Print the data exactly as written, but leave out each picture.
Dataset records section start
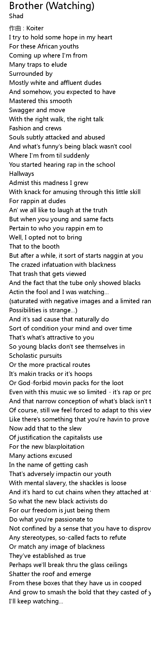 | Song | Brother (Watching) |
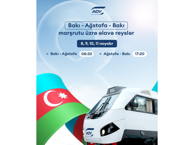 "Azərbaycan Dəmir Yolları" QSC (ADY) Zəfər Günü ilə əlaqədar 8, 9, 10 və 11 noyabrda Bakı-Ağstafa-Bakı xətti üzrə hər iki istiqamətdə əlavə qatar reysləri təyin edib.
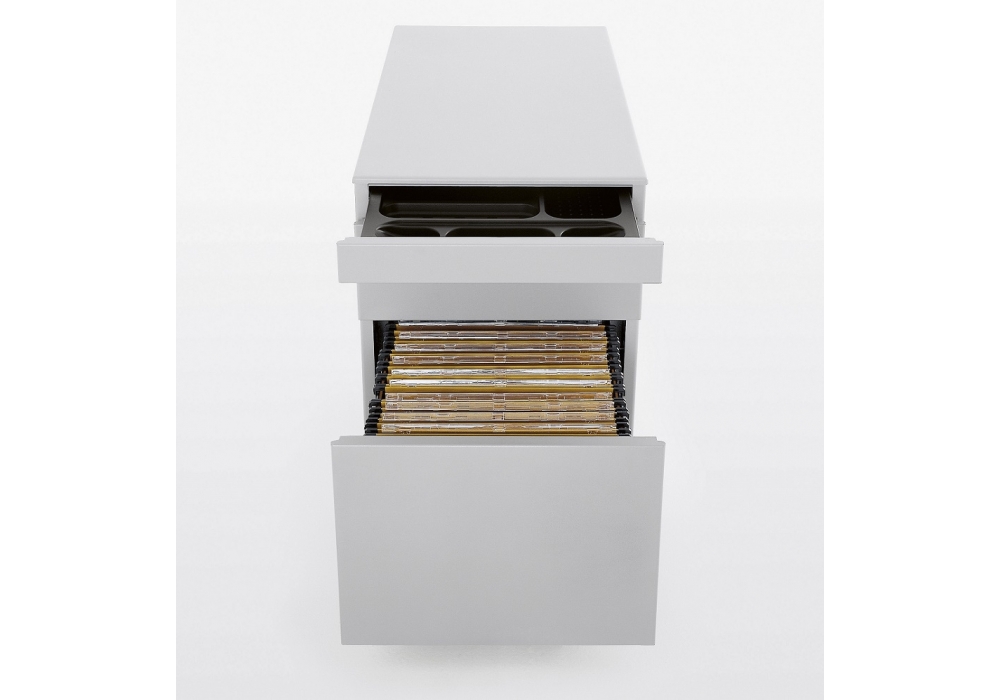 Bureau conçu par Bluezone pour Kristalia est un meuble à tiroirs en aluminium verni. Élément primordial pour aménager un bureau, que ce soit au travail ou à la maison, le caisson à tiroirs métallique Bureau par Kristalia peut facilement être déplacé n’importe où, grâce à ses roulettes pivotantes. Le caisson à tiroirs métallique Bureau est équipé d’un compartiment aménagé très pratique. Ce meuble est disponible soit équipé uniquement de tiroirs soit avec tiroirs et range-documents.
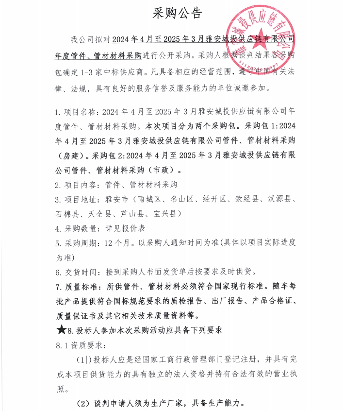 2024年4月至2025年3月雅安城投供應鏈有限公司年度管件、管材材料采購公告
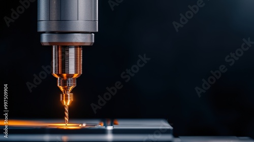 CNC Milling Machine with Drill Bit Closeup Industrial Automation
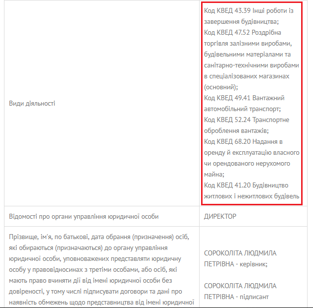 Згідно реєстру юридичних та фізичних осіб ПП «Роксана» немає відповідних КВЕДів на поставку меблів та техніки.
Dataset records section end
Task response
 | Song | Brother (Watching) |
 "Azərbaycan Dəmir Yolları" QSC (ADY) Zəfər Günü ilə əlaqədar 8, 9, 10 və 11 noyabrda Bakı-Ağstafa-Bakı xətti üzrə hər iki istiqamətdə əlavə qatar reysləri təyin edib.
 Bureau conçu par Bluezone pour Kristalia est un meuble à tiroirs en aluminium verni. Élément primordial pour aménager un bureau, que ce soit au travail ou à la maison, le caisson à tiroirs métallique Bureau par Kristalia peut facilement être déplacé n’importe où, grâce à ses roulettes pivotantes. Le caisson à tiroirs métallique Bureau est équipé d’un compartiment aménagé très pratique. Ce meuble est disponible soit équipé uniquement de tiroirs soit avec tiroirs et range-documents.
 2024年4月至2025年3月雅安城投供應鏈有限公司年度管件、管材材料采購公告
 CNC Milling Machine with Drill Bit Closeup Industrial Automation
 Згідно реєстру юридичних та фізичних осіб ПП «Роксана» немає відповідних КВЕДів на поставку меблів та техніки.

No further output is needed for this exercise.